Aims. We took advantage of the extreme precision of the new-generation echelle spectrograph ESPRESSO to characterize the transiting planetary system orbiting the G2V star K2-38 located at 194 pc from the Sun with V ~ 11.4. This system is particularly interesting because it could contain the densest planet detected to date.
Methods. We carried out a photometric analysis of the available K2 photometric light curve of this star to measure the radius of its two known planets, K2-38b and K2-38c, with Pb = 4.01593 ± 0.00050 d and Pc = 10.56103 ± 0.00090 d, respectively. Using 43 ESPRESSO high-precision RV measurements taken over the course of 8 months along with the 14 previously published HIRES RV measurements, we modeled the orbits of the two planets through a Markov chain Monte Carlo analysis, significantly improving their mass measurements.

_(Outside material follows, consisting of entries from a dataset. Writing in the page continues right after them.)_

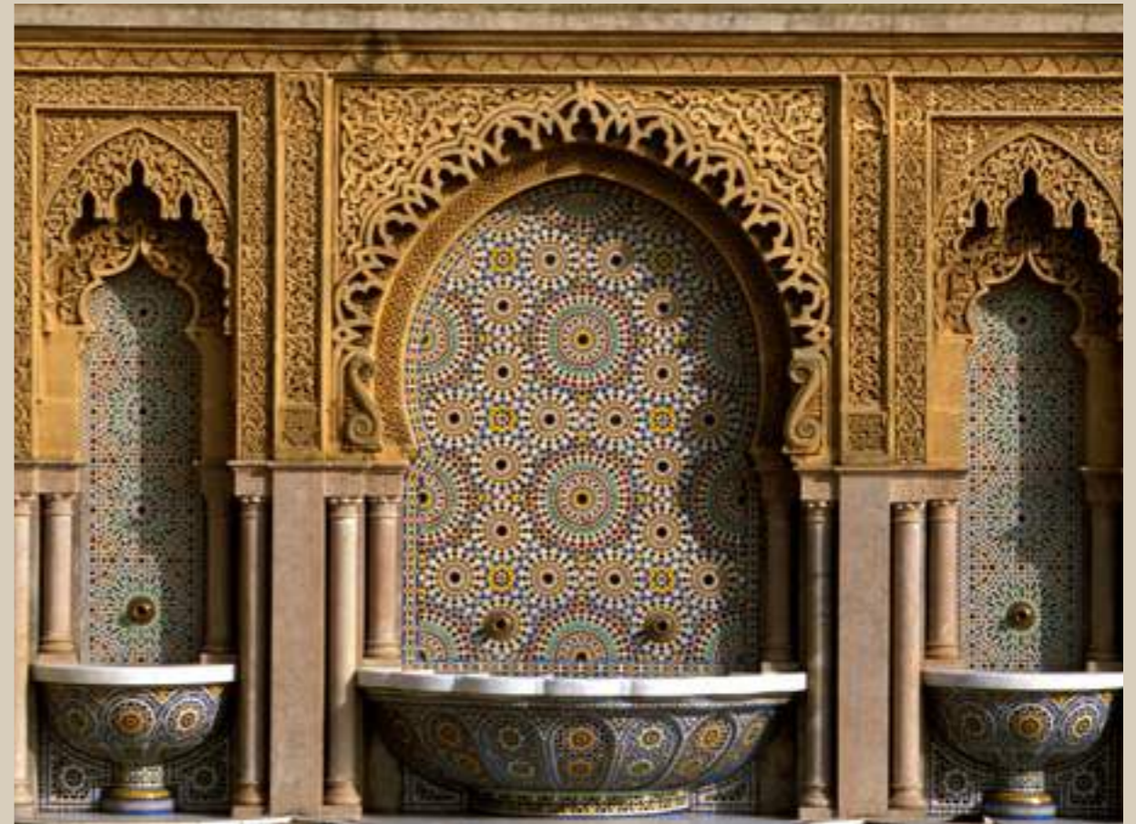
Mohammed V Mausoleum fountain
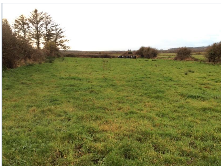
Plate 29: North-west side of proposed OCC, looking W.
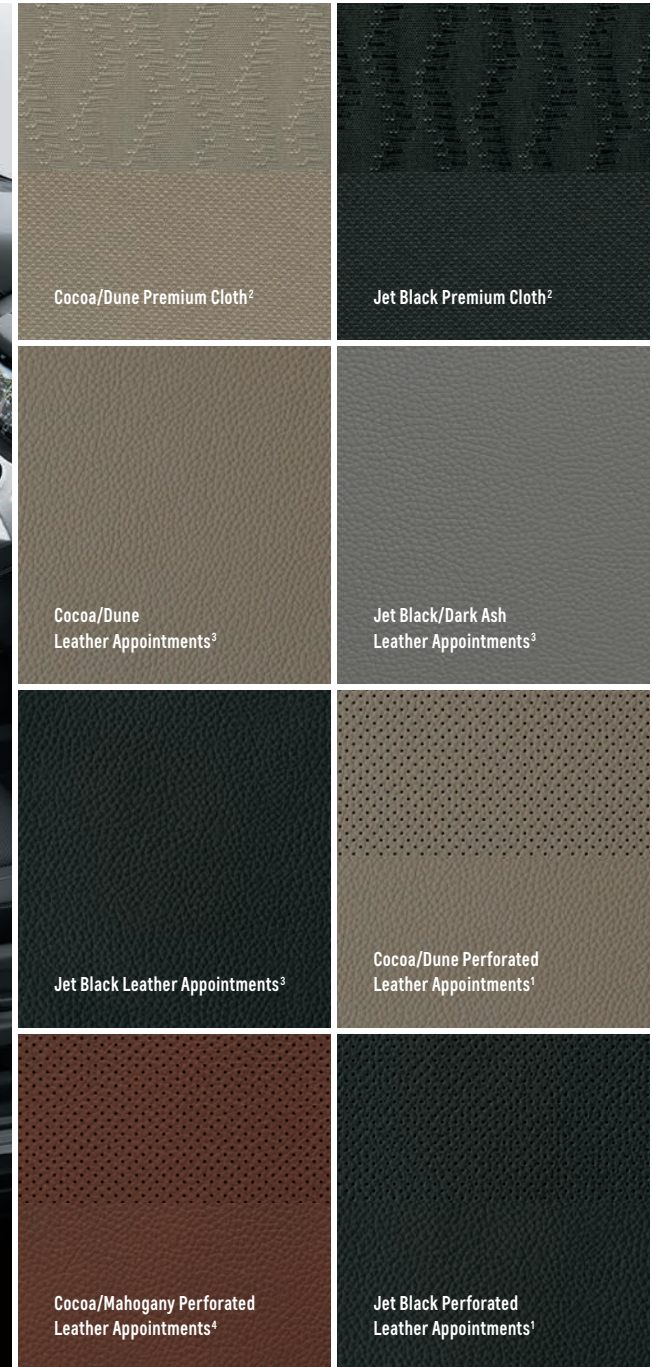
Jet Black Perforated Leather Appointments 1
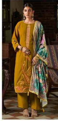
▪ 185 001 ▪
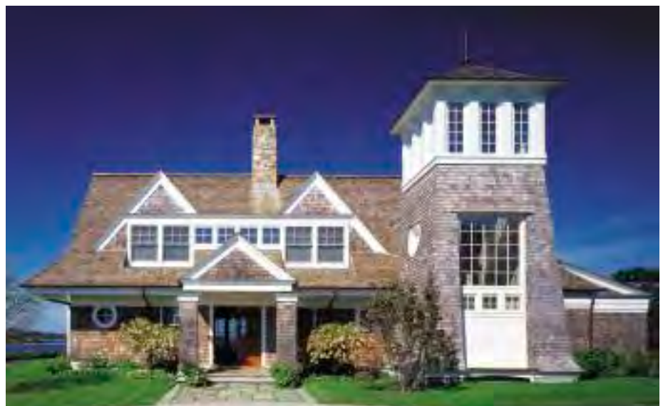
Architect: Shope Reno Wharton
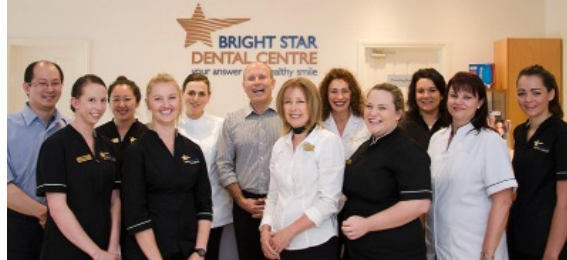
Bright Star Dental team

The team at Bright Star Dental is passionate about dentistry and creating beautiful smiles that will change your life.
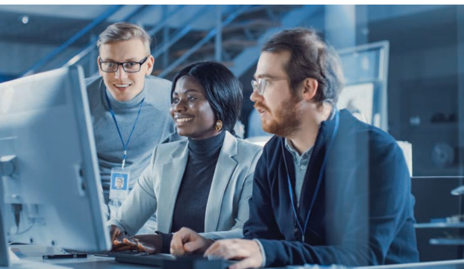
ABB Reliability Service for motors Peace of mind for plant productivity

Plant productivity depends on equipment operating reliably. ABB Reliability Service provides the digital advantage you need to improve efficiency, reliability and safety for end users by utilizing our expertise and ABB Ability™ solutions to remotely monitor your motors and other assets.
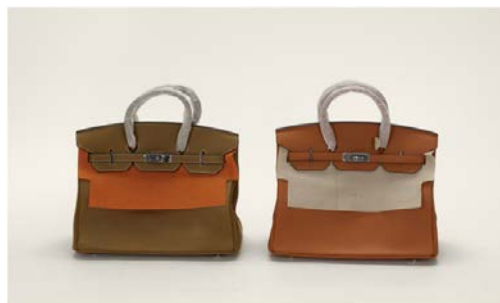
'Handbags, Hermès (counterfeit) (detail)', 2010, by Taryn Simon.

She adopts the same dispassionate gaze for Contraband (2010), a police line-up of more than a thousand items seized at the New York airport.
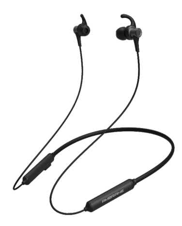
Experience True Sound
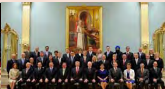
On July 15, 2013, His Excellency presided over the swearing-in of the Canadian Ministry.
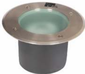
FGB 22 Series
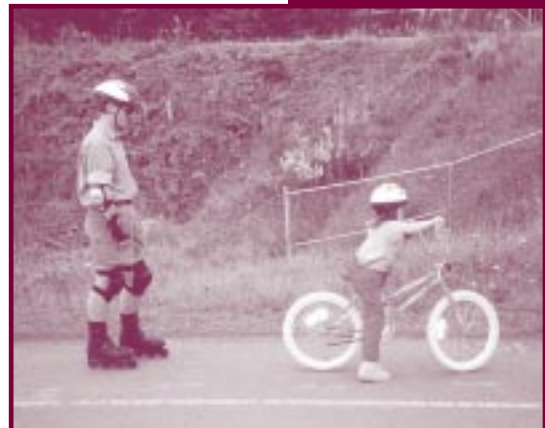
Helmets should be worn while biking, rollerblading, and scootering.

The interactive Helmet Your Brain – Avoid the Pain® program materials are contained in a box and include everything a presenter needs to prepare for and conduct a class. The program consists of the curriculum and work sheets, a brain gelatin mold, a model of a skull, two safety videos, a bicycle helmet, program stickers, Phoenix Children’s Hospital Bike Safety brochures, and a brain book reference guide. There is also a Spanish language version and an abridged version.
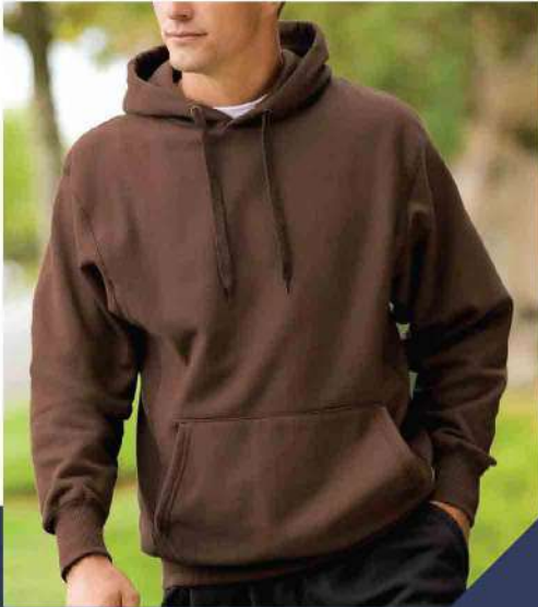
HOSIERY/ KNITTED GARMENTS
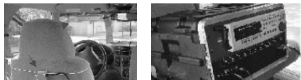
Figure 3: Microphone array and reference microphone (left), Fostex multi-channel data recorder (right).

A five-channel microphone array has been constructed using Knowles microphones and a multi-channel data recorder housing built (Fostex) for in-vehicle data collection. An additional reference microphone is situated behind the driver’s seat. Fig. 3 shows the constructed microphone array and data recorder housing.

Results. Using ESPRESSO spectra, we derived the stellar parameters, Teff = 5731 ± 66, log g = 4.38 ± 0.11 dex, and [Fe/H] = 0.26 ± 0.05 dex, and thus the mass and radius of K2-38, M⋆ = 1.03−0.02+0.04 M⊕ and R⋆ = 1.06−0.06+0.09 R⊕. We determine new values for the planetary properties of both planets. We characterize K2-38b as a super-Earth with RP = 1.54 ± 0.14 R⊕ and Mp = 7.3−1.0+1.1 M⊕, and K2-38c as a sub-Neptune with RP = 2.29 ± 0.26 R⊕ and Mp = 8.3−1.3+1.3 M⊕. Combining the radius and mass measurements, we derived a mean density of ρp = 11.0−2.8+4.1 g cm−3 for K2-38b and ρp = 3.8−1.1+1.8 g cm−3 for K2-38c, confirming K2-38b as one of the densest planets known to date.
Conclusions. The best description for the composition of K2-38b comes from an iron-rich Mercury-like model, while K2-38c is better described by a rocky-model with H2 envelope. The maximum collision stripping boundary shows how giant impacts could be the cause for the high density of K2-38b. The irradiation received by each planet places them on opposite sides of the radius valley. We find evidence of a long-period signal in the RV time-series whose origin could be linked to a 0.25–3 MJ planet or stellar activity.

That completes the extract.